▶ [Work instructions]:
Transcribe the stretch of entries below from the line with "Doppelzimmer (DMS, ca." through the line with "We are having", exactly and with both ends included; leave out all other lines.

▶ [Material provided]:
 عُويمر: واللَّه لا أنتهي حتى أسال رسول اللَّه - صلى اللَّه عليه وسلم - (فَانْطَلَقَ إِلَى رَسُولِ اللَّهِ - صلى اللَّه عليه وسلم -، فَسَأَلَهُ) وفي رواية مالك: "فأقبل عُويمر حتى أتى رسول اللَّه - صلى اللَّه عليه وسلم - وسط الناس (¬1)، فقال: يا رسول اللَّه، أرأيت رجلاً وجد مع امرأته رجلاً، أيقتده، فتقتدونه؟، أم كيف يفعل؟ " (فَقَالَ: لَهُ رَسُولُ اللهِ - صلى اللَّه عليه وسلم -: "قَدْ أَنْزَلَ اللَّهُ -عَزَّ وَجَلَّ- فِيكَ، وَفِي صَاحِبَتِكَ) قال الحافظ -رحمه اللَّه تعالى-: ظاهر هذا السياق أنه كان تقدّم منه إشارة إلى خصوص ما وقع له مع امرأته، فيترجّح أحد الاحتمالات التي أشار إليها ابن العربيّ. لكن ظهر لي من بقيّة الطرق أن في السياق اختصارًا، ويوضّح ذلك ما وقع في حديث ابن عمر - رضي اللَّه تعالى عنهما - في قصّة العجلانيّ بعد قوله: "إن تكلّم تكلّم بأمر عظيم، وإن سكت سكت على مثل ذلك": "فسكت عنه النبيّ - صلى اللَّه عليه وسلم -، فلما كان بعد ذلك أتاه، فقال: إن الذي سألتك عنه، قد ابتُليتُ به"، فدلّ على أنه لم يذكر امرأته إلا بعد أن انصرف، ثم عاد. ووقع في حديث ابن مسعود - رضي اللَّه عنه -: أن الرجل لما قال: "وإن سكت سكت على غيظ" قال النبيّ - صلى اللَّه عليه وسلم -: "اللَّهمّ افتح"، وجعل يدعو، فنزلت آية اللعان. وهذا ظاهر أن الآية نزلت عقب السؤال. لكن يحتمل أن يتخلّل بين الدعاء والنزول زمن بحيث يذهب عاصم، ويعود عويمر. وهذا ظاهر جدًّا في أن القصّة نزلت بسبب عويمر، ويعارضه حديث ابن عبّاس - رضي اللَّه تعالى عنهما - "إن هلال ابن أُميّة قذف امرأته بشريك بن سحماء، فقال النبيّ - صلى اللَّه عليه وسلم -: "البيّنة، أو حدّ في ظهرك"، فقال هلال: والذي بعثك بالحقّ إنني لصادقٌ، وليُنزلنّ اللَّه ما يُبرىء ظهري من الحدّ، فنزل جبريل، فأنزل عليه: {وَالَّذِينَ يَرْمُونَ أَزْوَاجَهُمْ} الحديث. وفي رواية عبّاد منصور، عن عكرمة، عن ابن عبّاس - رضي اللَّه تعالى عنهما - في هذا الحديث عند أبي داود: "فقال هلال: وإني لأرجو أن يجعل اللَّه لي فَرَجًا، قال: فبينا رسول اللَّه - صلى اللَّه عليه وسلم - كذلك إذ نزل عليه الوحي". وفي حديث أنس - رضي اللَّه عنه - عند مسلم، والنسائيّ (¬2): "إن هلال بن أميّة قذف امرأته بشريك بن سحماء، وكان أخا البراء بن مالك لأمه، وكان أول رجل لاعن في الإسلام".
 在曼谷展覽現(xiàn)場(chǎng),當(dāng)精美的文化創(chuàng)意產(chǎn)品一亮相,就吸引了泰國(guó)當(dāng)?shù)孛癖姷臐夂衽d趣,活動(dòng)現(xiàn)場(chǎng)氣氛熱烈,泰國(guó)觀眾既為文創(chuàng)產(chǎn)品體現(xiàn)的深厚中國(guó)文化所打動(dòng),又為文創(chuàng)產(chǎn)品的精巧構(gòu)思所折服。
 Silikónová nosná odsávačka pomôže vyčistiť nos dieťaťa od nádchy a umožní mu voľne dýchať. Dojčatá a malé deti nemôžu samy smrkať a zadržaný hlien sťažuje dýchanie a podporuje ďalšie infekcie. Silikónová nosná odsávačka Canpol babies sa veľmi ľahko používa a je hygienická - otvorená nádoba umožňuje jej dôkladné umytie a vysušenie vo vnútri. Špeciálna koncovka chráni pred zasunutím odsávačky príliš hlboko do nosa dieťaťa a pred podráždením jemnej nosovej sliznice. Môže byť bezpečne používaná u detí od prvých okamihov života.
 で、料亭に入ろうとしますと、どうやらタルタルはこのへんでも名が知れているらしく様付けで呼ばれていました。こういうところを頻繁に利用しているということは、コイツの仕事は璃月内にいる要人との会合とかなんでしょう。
* * *
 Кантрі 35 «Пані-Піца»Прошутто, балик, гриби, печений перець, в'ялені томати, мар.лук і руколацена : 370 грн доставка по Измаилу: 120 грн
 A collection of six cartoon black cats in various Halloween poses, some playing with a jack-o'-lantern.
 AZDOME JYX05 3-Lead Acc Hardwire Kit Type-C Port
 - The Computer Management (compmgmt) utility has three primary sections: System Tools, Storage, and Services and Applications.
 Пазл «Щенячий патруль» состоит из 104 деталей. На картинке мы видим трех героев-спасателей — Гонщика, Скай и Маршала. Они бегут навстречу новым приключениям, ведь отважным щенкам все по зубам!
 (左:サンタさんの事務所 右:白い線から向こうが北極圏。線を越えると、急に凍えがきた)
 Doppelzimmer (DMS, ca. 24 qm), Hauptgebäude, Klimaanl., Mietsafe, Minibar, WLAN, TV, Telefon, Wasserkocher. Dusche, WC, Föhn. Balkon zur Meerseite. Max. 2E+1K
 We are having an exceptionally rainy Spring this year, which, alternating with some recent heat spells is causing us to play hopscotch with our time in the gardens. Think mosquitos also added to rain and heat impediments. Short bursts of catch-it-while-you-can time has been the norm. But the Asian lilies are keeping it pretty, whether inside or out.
--
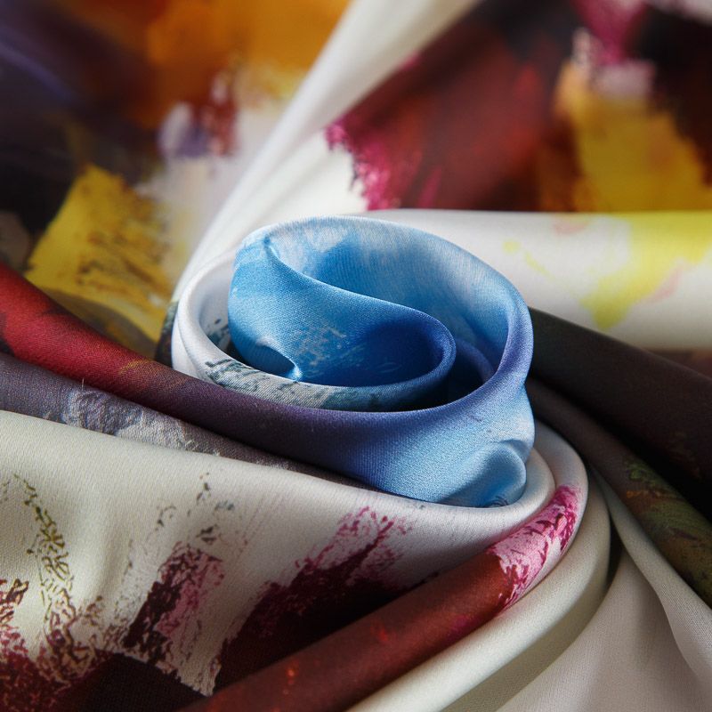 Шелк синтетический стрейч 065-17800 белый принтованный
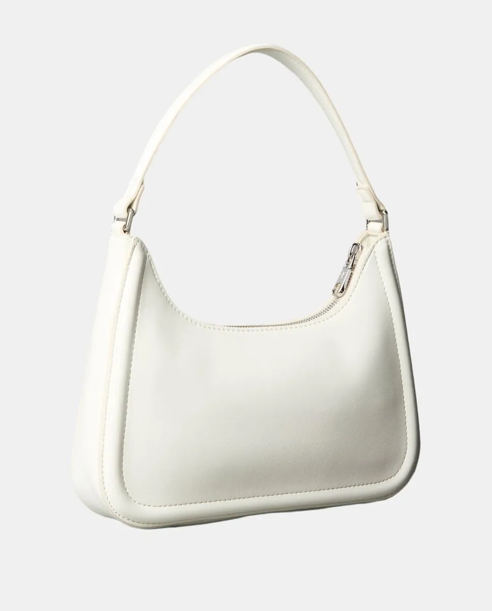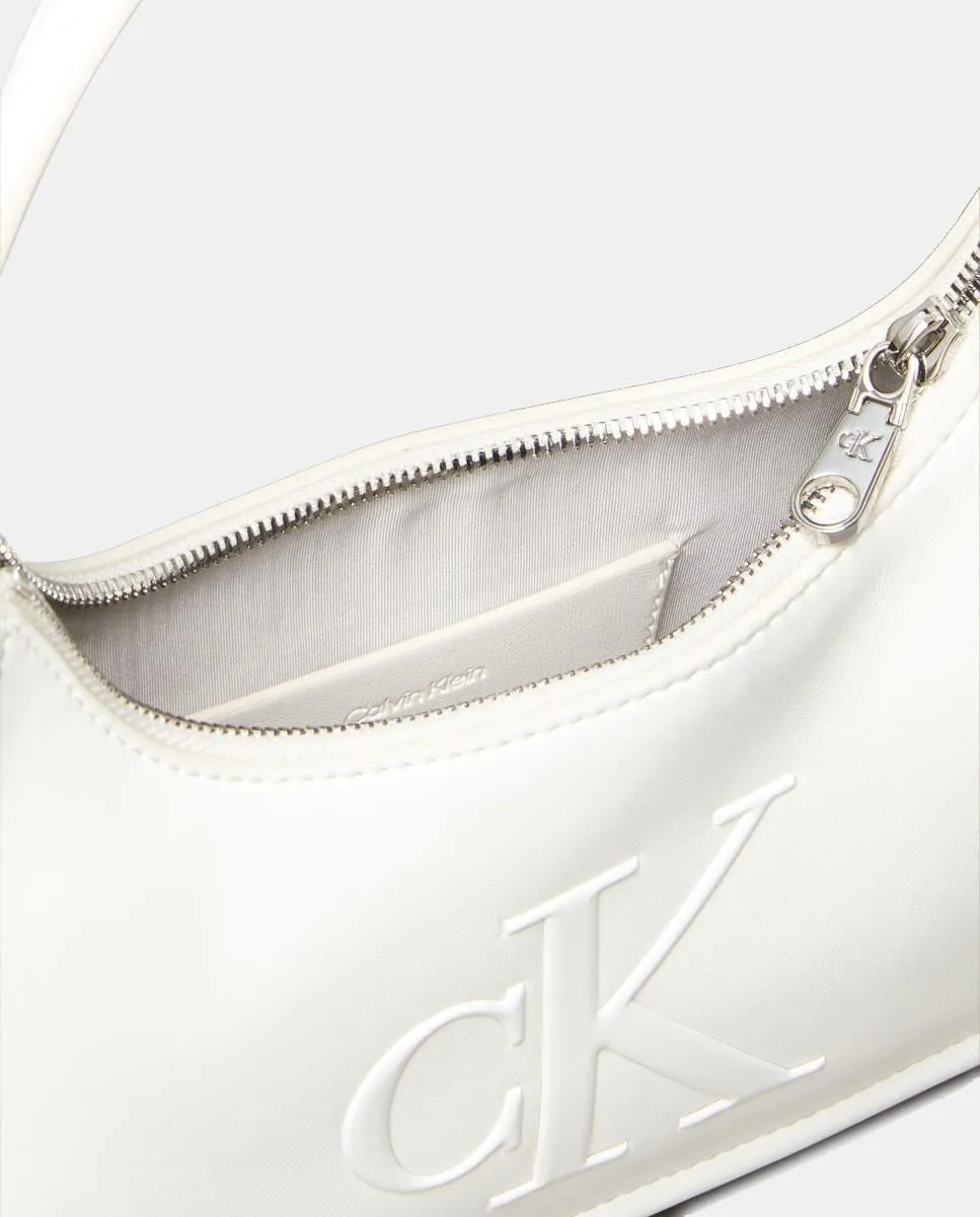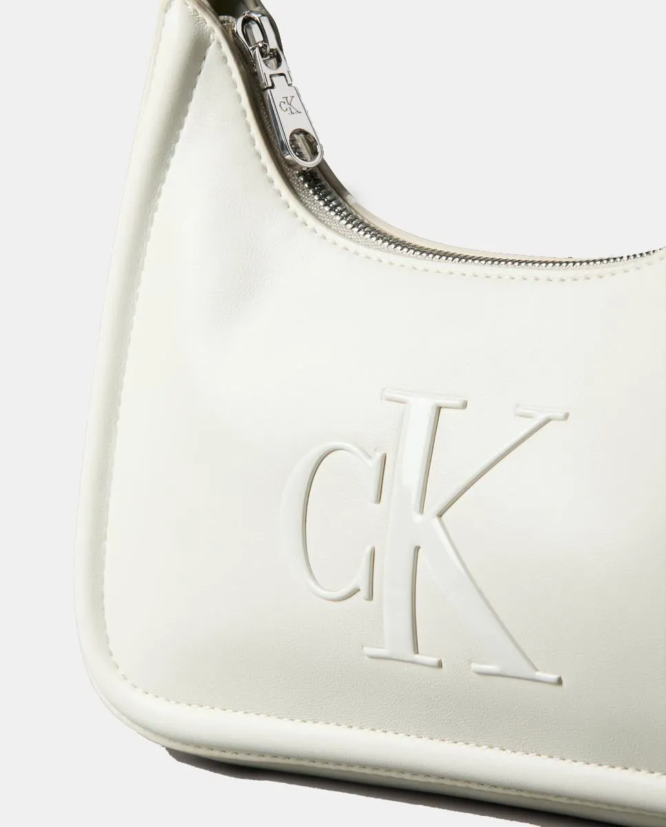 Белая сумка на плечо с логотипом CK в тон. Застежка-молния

▶ [Reply]:
 Doppelzimmer (DMS, ca. 24 qm), Hauptgebäude, Klimaanl., Mietsafe, Minibar, WLAN, TV, Telefon, Wasserkocher. Dusche, WC, Föhn. Balkon zur Meerseite. Max. 2E+1K
 We are having an exceptionally rainy Spring this year, which, alternating with some recent heat spells is causing us to play hopscotch with our time in the gardens. Think mosquitos also added to rain and heat impediments. Short bursts of catch-it-while-you-can time has been the norm. But the Asian lilies are keeping it pretty, whether inside or out.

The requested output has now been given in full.